I would like to make the promoter comparison of one gene between Japonica and Indica cultivar.
Hi Tuyen,
If you mean a Promoter Predictor, there are several web-absed tools to analyze a specific genome region to find a probable region acting as promoter. To get better results you must try at least three different methods to get a consensus prediction. Some of those tool I recommend you are:
- NN based: http://www.fruitfly.org/seq_tools/promoter.html
- NN based: http://www.cbs.dtu.dk/services/Promoter/
- NN based: http://promotor.biosino.org/
- Suite of genomic tools: http://www.genetools.us/genomics/Promoter%20databases%20and%20prediction%20tools.htm
Good Luck!
Actually, you can use almost any bioinformatics tool, which is applicable for DNA sequence analysis. Just put there DNAs of your interest, set parameters of analysis and Go :) But before, read manuals/help to use the chosen tool for your particular purpose.
You can find a lot of useful info and tools at NCBI. See there, for example:
http://www.ncbi.nlm.nih.gov/guide/sequence-analysis/
And browse through the left side-bar menu at NCBI (http://www.ncbi.nlm.nih.gov/) to find more.
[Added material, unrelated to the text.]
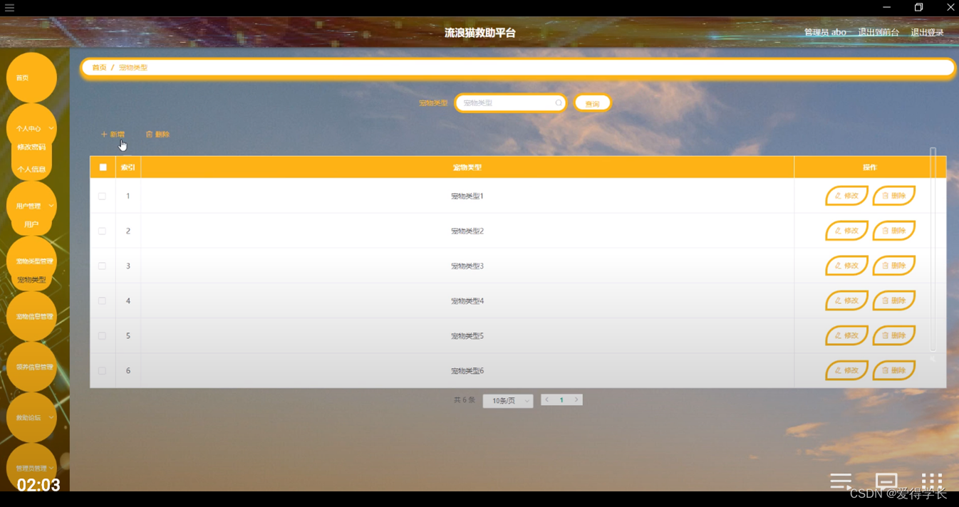 宠物类型管理,在宠物类型管理页面可以对索引,宠物类型,等内容进行修改和删除等操作,如图5-8所示。
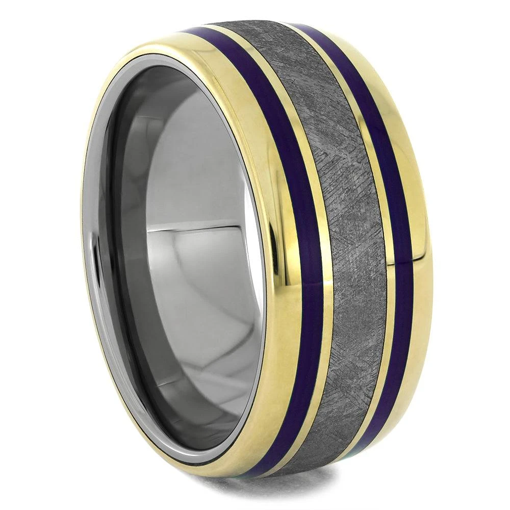 For a stellar groom whose favorite color is purple, or maybe they’re a fan of our local NFL team the Minnesota Vikings! This wedding band in made with a titanium sleeve, and features an inlay of authentic Gibeon meteorite framed by polished pinstripes of gold and purple enamel on either side.

I am not sure if these genes have functional divergence. anyways i think you should look of defined promoter elements in the nucleotide sequence upstream to ATG. usually 1 Kb sequence is good enough but it is worth to compare about 3 Kb upstream region in both the genes. As other Researchers mentioned above there are several tools like PLACE or PlantCARE etc. All the best
I think PLACE Web is very good program Signal Scan
http://www.dna.affrc.go.jp/PLACE/signalscan.html
I hope this may help
Be VERY careful!
All of these promoter prediction tools are just dry lab and give you predictions. They do NOT give you any promoter elements at all, merely sequences that have similarity to known elements. You can use the dry lab comparisons to guide your wet lab work on promoter analysis but you cannot get information on promoter function without actually doing the experiments.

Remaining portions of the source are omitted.